Being a little geeky I started building a WordPress plug-in to display some of the info from these apps on this website. The plug-in tapped into the Solax API to retrieve the data from their server. This was delivered as JSON output which I then inserted into a MySQL database allowing me to present the data as a series of tables and charts within a WordPress web page.
Unfortunately the data that the Solax API returns isn’t quite what I wanted. The Live Power data from solar panels that the API reports is correct and interesting to look at. However, the fact that it only updates once every 5 minutes does make it a little less interesting than it could be. It’s not the end of the world and does reduce the load on the server at that update rate I guess.

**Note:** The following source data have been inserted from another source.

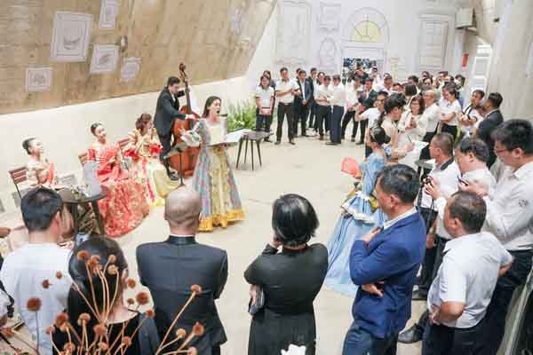 Du khách thích thú theo dõi màn hùng biện của không gian Café Châu Âu thời kỳ Phục hưng được tái lập tại Bảo tàng Thế giới Cà phê
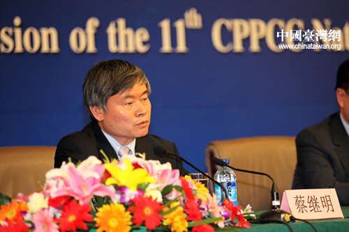 中國(guó)臺(tái)灣網(wǎng)3月5日北京消息 3月5日下午14時(shí)30分,全國(guó)政協(xié)十一屆四次會(huì)議在梅地亞兩會(huì)新聞中心舉行記者會(huì),主題是“政協(xié)委員談協(xié)調(diào)推進(jìn)城鎮(zhèn)化與新農(nóng)村建設(shè)”。全國(guó)政協(xié)委員蔡繼明、王健林、錢克明、李成貴、吳焰出席并回答記者的提問。。▌⒀蟆埼翰〝z影報(bào)道)
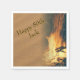 Bonfire birthday napkins with custom text. A burning fire image with sand background. Sample wording is, "Happy 50th - with name".
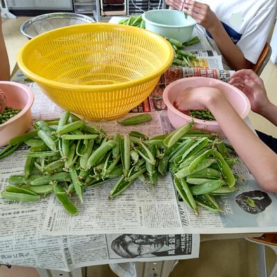 その後みんなでさや剥き体験。大量のグリーンピースは、今日の全校の給食に使われます!
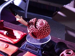 賞品授与は上位から自分が欲しい物を選んで貰える方式でした。パイプはファルコンしか残っていなかったので、逡巡していたら、係の人が「こちらからも選べますよ」と案内されたのが、ピューター(錫合金)のARTINA社のコーナーでした。トロフィーの様な大きな花瓶や2リットルは入るビアジョキもありました。どちらもガラスとピューターのコンビの良い物でした。
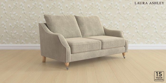 7.3.1 Buy Beverley by Laura Ashley 3 Seater Small Sofa Lundar Chenille Truffle Natural Low Chrome Castor - Light Oak from the Next UK online shop Click here to use our accessible website
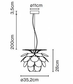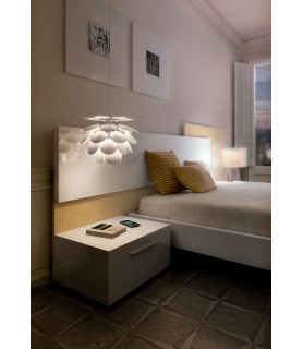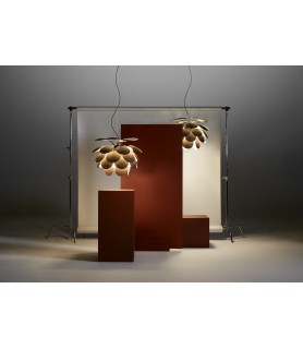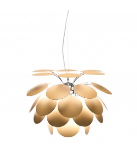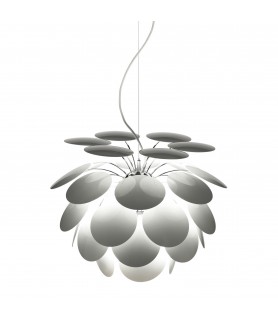 Si hay un diseño icónico en la colección de Marset es la Discocó: exuberante, también cuando está apagada, la riqueza de luz que emite esta lámpara procura una iluminación directa descendente y, al mismo tiempo, un efectista juego de luces y sombras a su alrededor. Su detallado estudio de la luz indirecta aporta varios matices lumínicos y también profundidad al objeto. La esfera cromada del núcleo, donde se fijan los discos, crea reflejos adicionales.
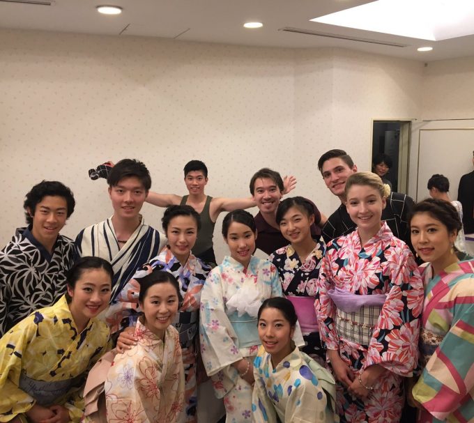 ネイサン・チェン選手と村元哉中選手の浴衣姿でのツーショット写真がお似合い。
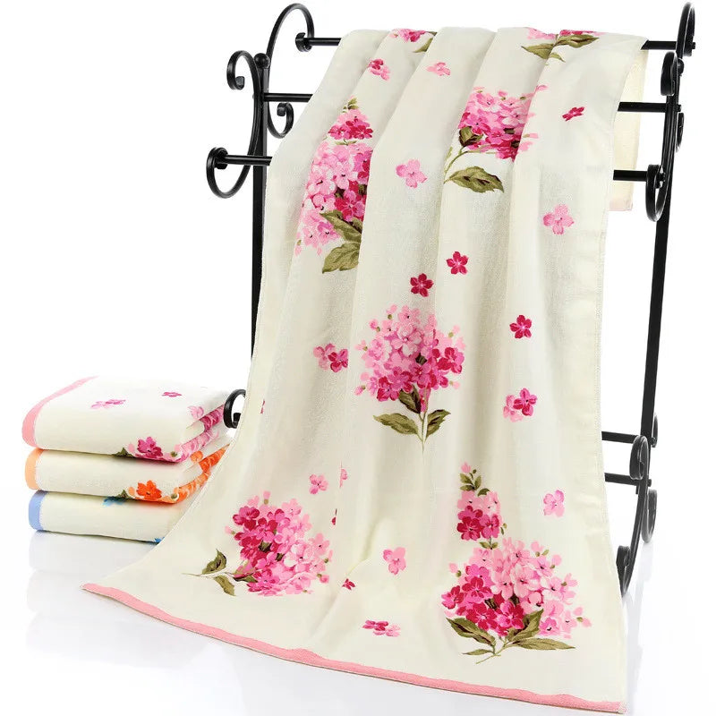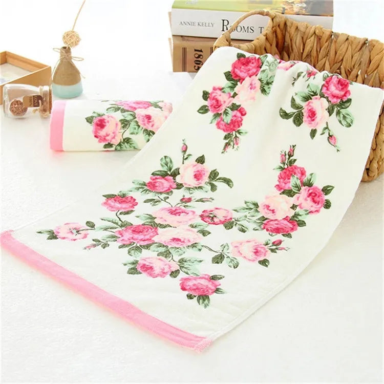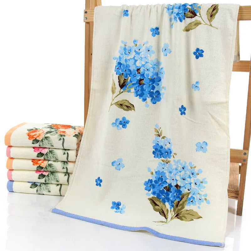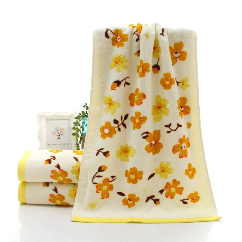 Geniessen Sie die Weichheit und Eleganz unseres Blumentuchs aus Baumwolle, perfekt, um Ihrem Badezimmerdekor einen Hauch von Natur zu verleihen.

The daily, monthly and total yield data isn’t quite what I wanted though. I had hoped it would be, but rather than reporting the daily, monthly and total yield from the solar panels it actually reports the daily, monthly and total ‘yield’ from the inverter. In other words, the current transformer measuring this ‘yield’ is downstream of the inverter rather than being downstream of the panels.
If we didn’t have a battery this would be fine and as it would be the equivalent of the yield from the battery minus any parasitic load from the inverter. However, with a battery attached to the inverter as well, the ‘yield’ that the Solax API reports includes all of the power flowing through it from both the solar panels and the battery. This means that if we force charge the battery overnight from the grid, when that is discharged again it is counted as ‘yield’. Not really what I wanted as it doesn’t tell me how much energy the solar panels have produced.
So far I haven’t found a way around this. I could probably solve it with the addition of some CT clips but I’m not sure how I’d get those integrated with the Solax API The other option would be to add CT clips to the MyEnergi system that the car charger uses and tap into their API instead. But that would require the purchase of a wireless hub for the CT clips and starting all over again with a new API. I think I’ll leave it for now!
Building a WordPress plug-in was just a bit of fun really so if it doesn’t do what I want it to it doesn’t matter. What does matter is that:
- The solar panels are producing clean, free energy- which they are.
- The energy from the solar panels is being used to power the house, charge the car and charge the battery – which it is.
- Free solar energy and cheap-rate grid energy is keeping the battery topped up – which it is
- Energy in the battery is being used by the house when needed – which it is
- We’re maximising our time on cheap-rate electricity and minimising draw from the grid during peak-rate times – which we are
We also want to minimise any export to the grid if possible as we can’t get paid for anything we export. The (FiT) Feed in Tariff for such things no longer exists and we can’t make use of the SEG (Smart Export Guarantee) as we don’t (and apparently can’t) have a smart meter. This means that anything we export to the grid is given back to the power companies for free – we don’t want to do too much of that if we can help it! It will be difficult to avoid this in the summer but we do have the Electric Car so that can be used as a second, much larger battery into which we can feed any surplus before it goes to the grid.